1. Effective September 15, 2007, Section 1.32 of the Plan is hereby amended to add the following paragraph to the end thereof:

“Effective September 15, 2007, for those account balances merged into the Plan from the Mercantile Bankshares Corporation Deferred Compensation Plan (the “Mercantile Plan”), as provided in Section 13.7, “Retirement” is to be defined as such term was defined in the Mercantile Plan.”

2. Effective September 15, 2007, Section 3.1 of the Plan is hereby amended to add the following paragraph to the end thereof:

“Effective September 15, 2007 and notwithstanding anything to the contrary in the Plan, former participants in the Mercantile Plan who elected to defer their incentive payments and/or annual salary under the Mercantile Plan for 2007 will continue to make such deferrals under the Plan in the same manner and in the same amount as they had been made under the Mercantile Plan for the remainder of 2007.”


3. Effective January 1, 2007, Section 3.2 of the Plan is hereby amended to add the following paragraph to the end thereof:

“Effective January 1, 2007 and notwithstanding anything to the contrary in the Plan, a Participant who is in the Corporate Executive Group is permitted to file a Deferral Election Form with the Plan Manager for any Cash Incentive Award that is performance-based compensation, as defined under Internal Revenue Code Section 409A and the regulations thereunder, at any date that is at least six months before the end of the relevant performance period related to such performance-based compensation.”

4. Effective September 15, 2007, Section 4.2 of the Plan is hereby amended to add the following paragraph to the end thereof:

“Effective September 15, 2007 and notwithstanding anything to the contrary in the Plan, any account balances merged into the Plan from the Mercantile Plan, as provided in Section 13.7, will be distributed in accordance with the distribution provisions of the Mercantile Plan and the distribution elections previously elected under the Mercantile Plan. Further, former participants in the Mercantile Plan may change their previous distribution election under the Mercantile Plan; provided, that such former participants submit a new Deferral Election Form at least one year prior to their separation from service and the new distribution date is at least five years from the distribution date then in effect.”

5. Effective September 15, 2007, Section 6 of the Plan is hereby amended to add the following sentence to the end thereof:

“For the sake of clarity, Beneficiary or Beneficiaries designations under any plan that is merged into the Plan (the “Prior Plan”) will be honored until a Participant designates a new Beneficiary or Beneficiaries under the Plan or until the Participant revokes his prior Beneficiary or Beneficiaries designations under the Prior Plan.”

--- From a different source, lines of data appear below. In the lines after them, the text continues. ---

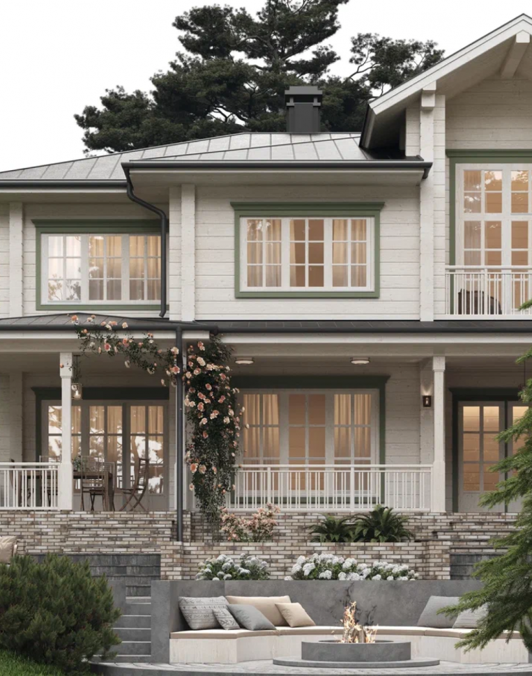 При заказе архитектурного проекта клиенты озвучили два основных пожелания: хотим дом в американском стиле для большой семьи, просторный, с террасой с видом на сад.
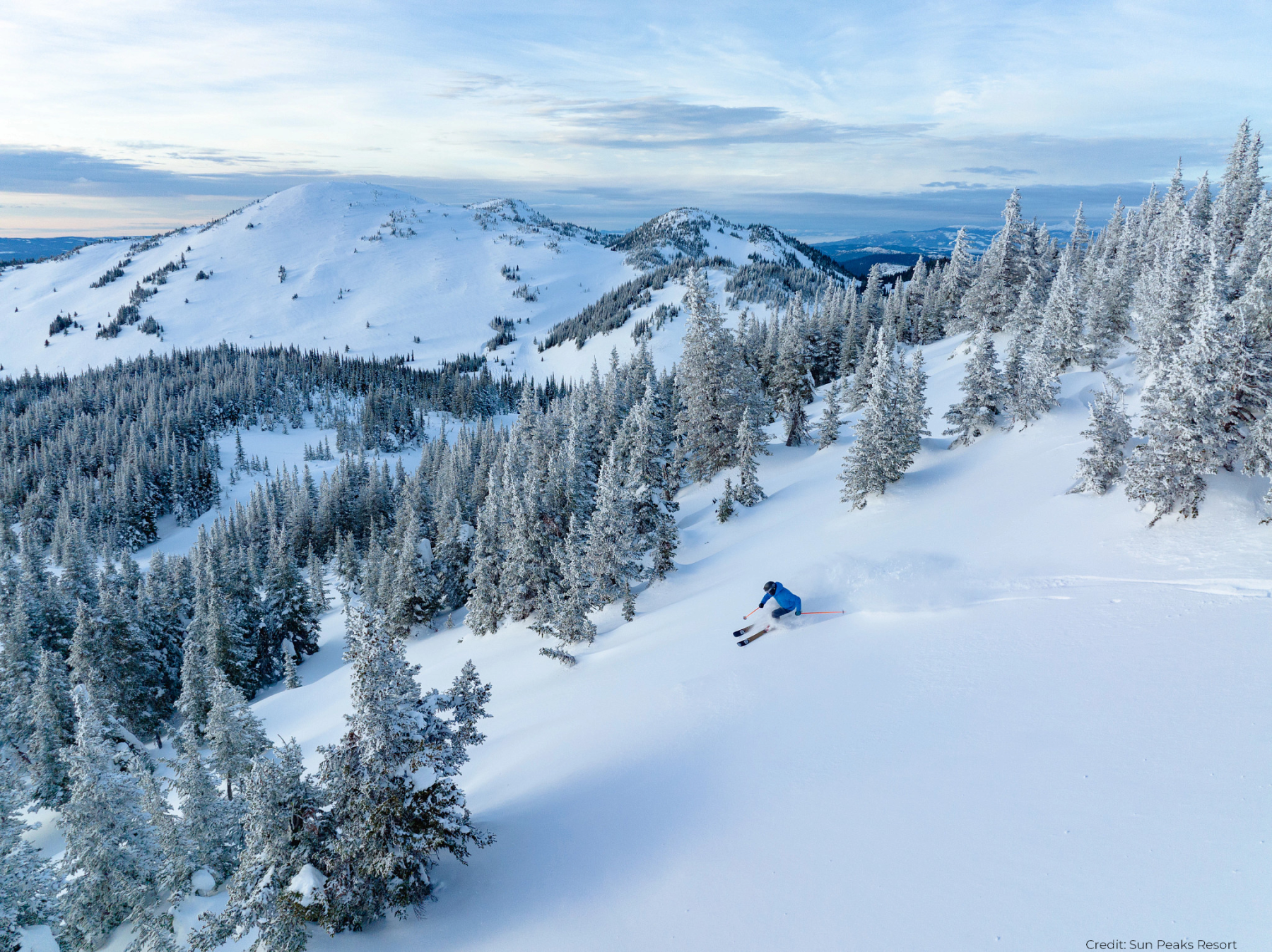 Sun Peaks enchants in winter with its charming alpine village, varied slopes for all skill levels and the second largest contiguous ski area in Canada in the middle of an idyllic mountain landscape.
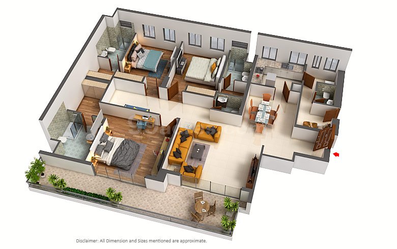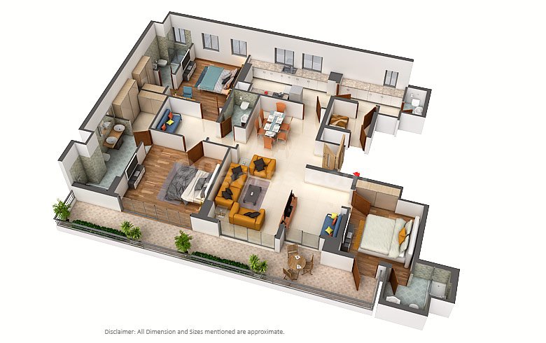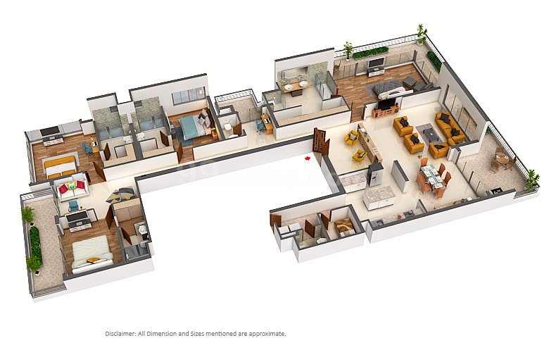 The project features spacious 3BHK and 4BHK apartments with sizes ranging from about 2850 sq. ft. to 5200 sq. ft.
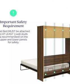 - Safe installation REQUIRES Wall bed attached to at least 3 wall studs (4 recommended) on upper and lower panels. Professional assembly and installation strongly recommended.
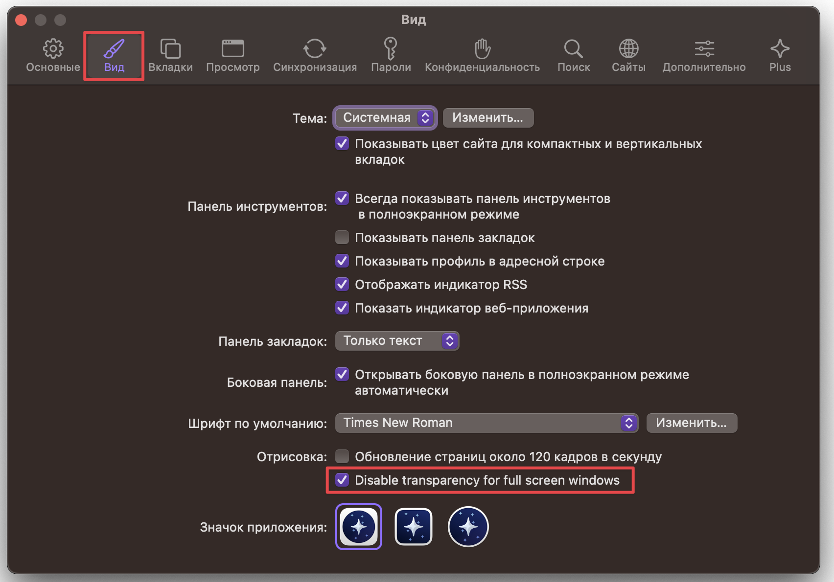 - Correct translation should be: "Отключить прозрачность для полноэкранного режима"
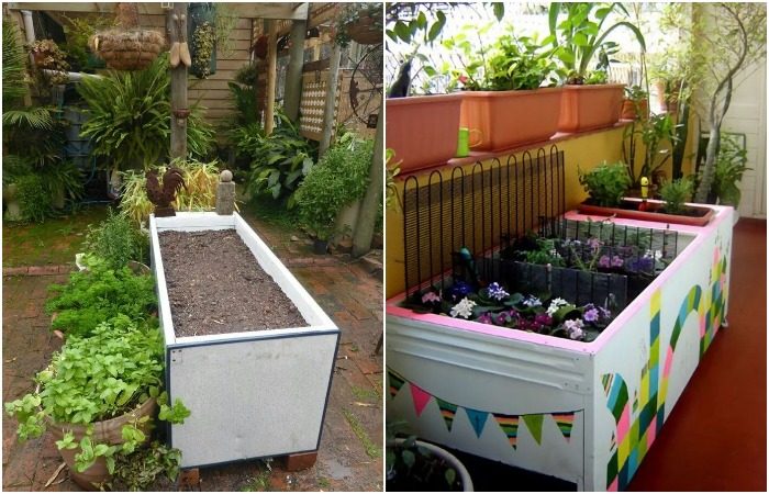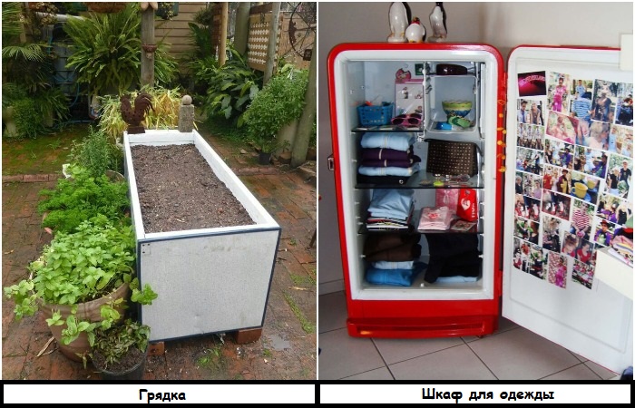 Предыдущие варианты полезны и практичны, но с ними придется повозиться. Если же у вас нет времени «изобретать велосипед» и хочется максимально простых решений, сделайте из нерабочего холодильника необычную клумбу для цветов. Так вы точно добавите своему цветнику изюминку, сделаете его красивым и оригинальным. Еще один плюс такого изобретения заключается в том, что до цветов не доберутся вредители, например, кроты или грызуны, которые часто повреждают луковичные культуры. Кстати, в клумбу необязательно сажать исключительно декоративные растения – там отлично будут смотреться и съедобные, поэтому выбирайте то, что вам нужнее.
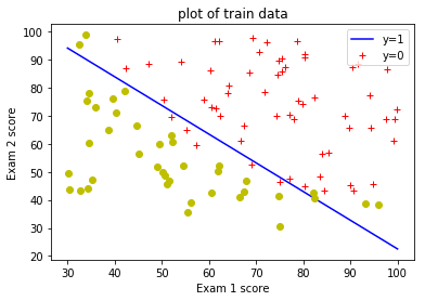 用sklearn库中的线性模型 LogisticRegression 来训练数据,得到假设函数的参数Theta。模型的准确率可以用score函数求得。而predict可以用来预测数据所属的类别,其中predict_proba可以显示概述所属类别的概率。
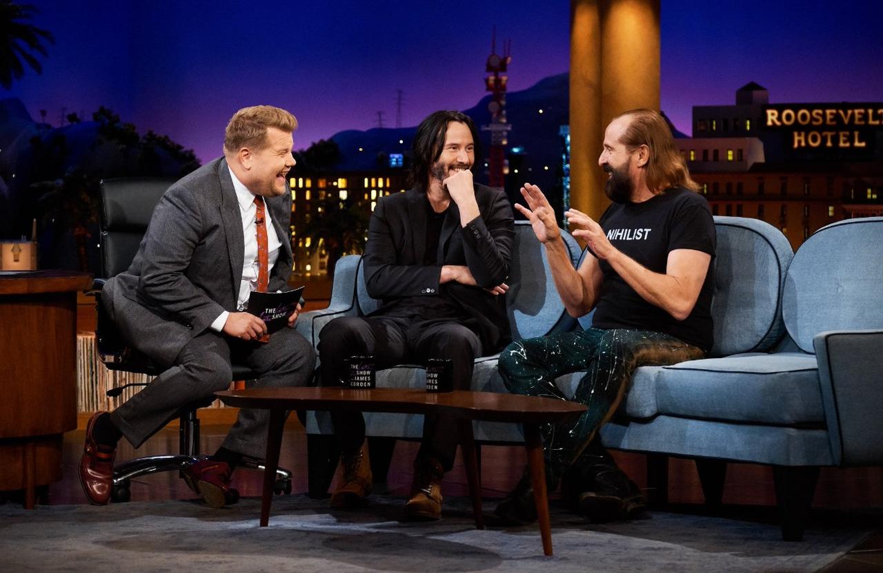 映画『ジョン・ウィック:チャプター2』で共演した俳優のピーター・スト―メアと一緒に番組に登場したキアヌ。©The Late Late Show / Twitter
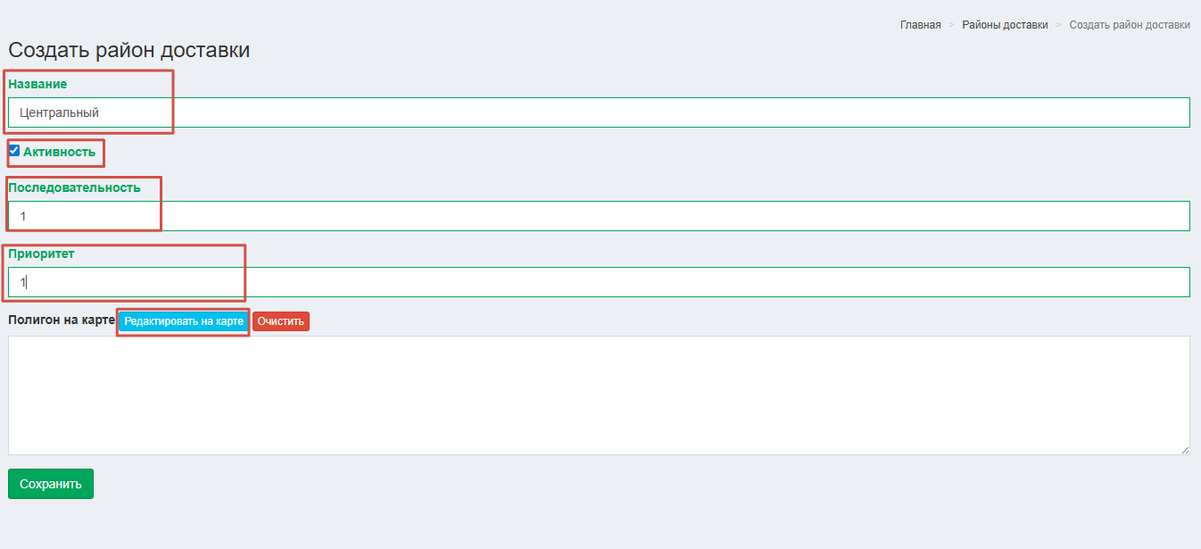 Чтобы создать новый район доставки, выполните следующие шаги:
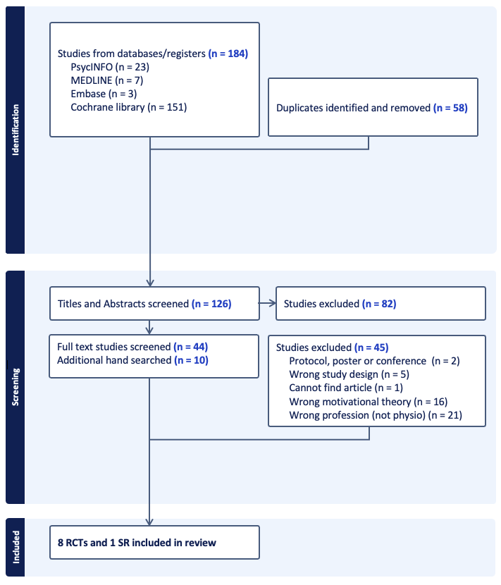 Once consensus was achieved, one reviewer (JO) completed the review of all titles and abstracts. Our inclusion criteria were SRs and RCTs published in English between 1990-2024, targeting physiotherapy services (i.e., evaluation, interventions, service delivery) or exercise interventions provided by a physiotherapist, and used SDT in the development of the interventions or assessments. Protocols and observational studies were excluded. Using the same process as above, we screened 10 full-text studies to pilot the full-text reviewing form. One reviewer (JO) completed the screening of all full texts while another reviewer (JvI) independently screened all excluded full text. Conflicts were resolved by discussion between reviewers until consensus was reached.
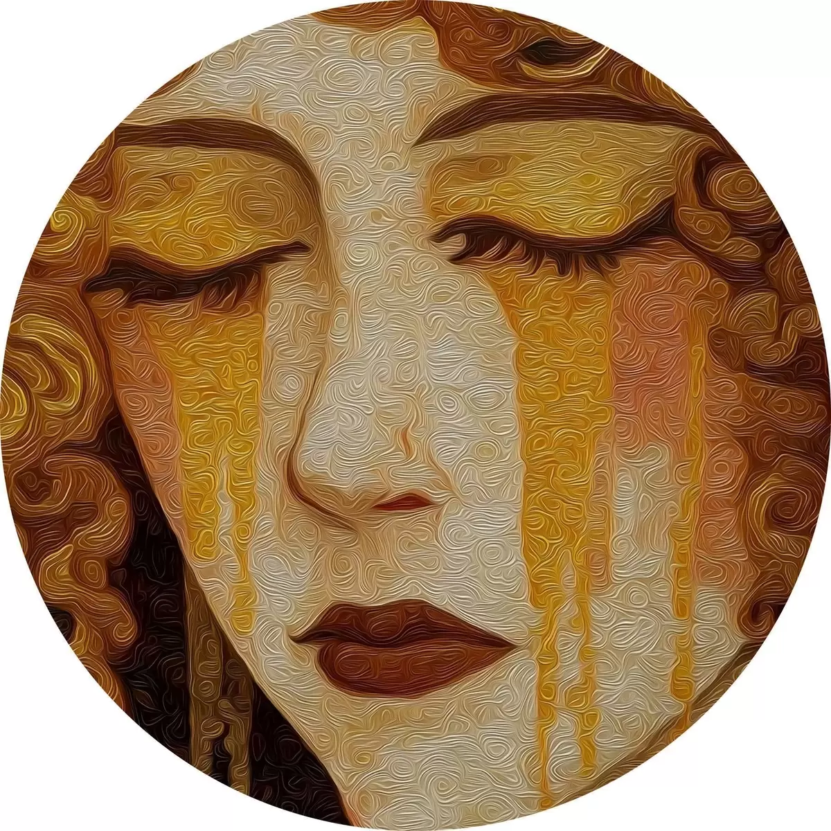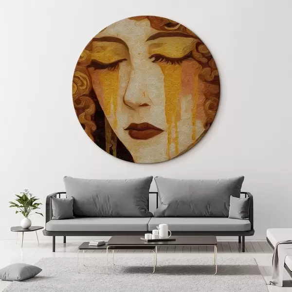 Ronde schilderijen Vrouwelijk portret met rood haar en decoratieve make-up Nr r46149
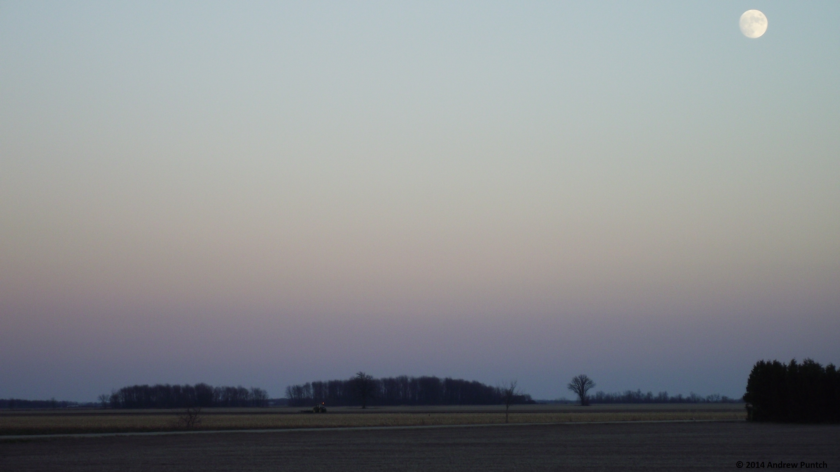 Lines plowed into a field lead to a farm house, outbuildings, and bush.
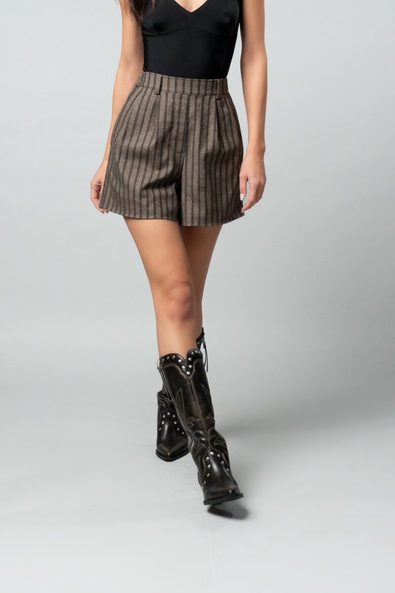 Дамски къси панталони с висока талия от TOTALLY ERECTED. Изработени от висококачествена памучна материя, късите панталони съчетават удобство и усещане за стил. Високата талия подчертава силуета и осигурява комфорт през целия ден. Моделът е с ластик на талията, но има възможност да се добави и колан. Късите панталони имат два функционални джоба отстрани, а дължината им е подходяща, както за ежедневни, така и за по-елегантни визии. Съчетават се идеално със сакото от същата серия.

6. Effective September 15, 2007, Section 13 of the Plan is hereby amended to add a new Section 13.7 to the end thereof:

“13.7 Merger of Mercantile Bankshares Corporation Deferred Compensation Plan

Effective September 15, 2007 or as soon as administratively practicable thereafter, the Mercantile Plan will be merged into the Plan. Under the Plan, each individual who has an account balance merged into the Plan


from the Mercantile Plan will have an Account equal to or greater than the account balance such individual had under the Mercantile Plan immediately before the merger.”

Executed and adopted by the Chief Human Resources Officer of The PNC Financial Services Group, Inc. this 13th day of September, 2007 pursuant to the authority delegated by the Corporation’s Personnel and Compensation Committee.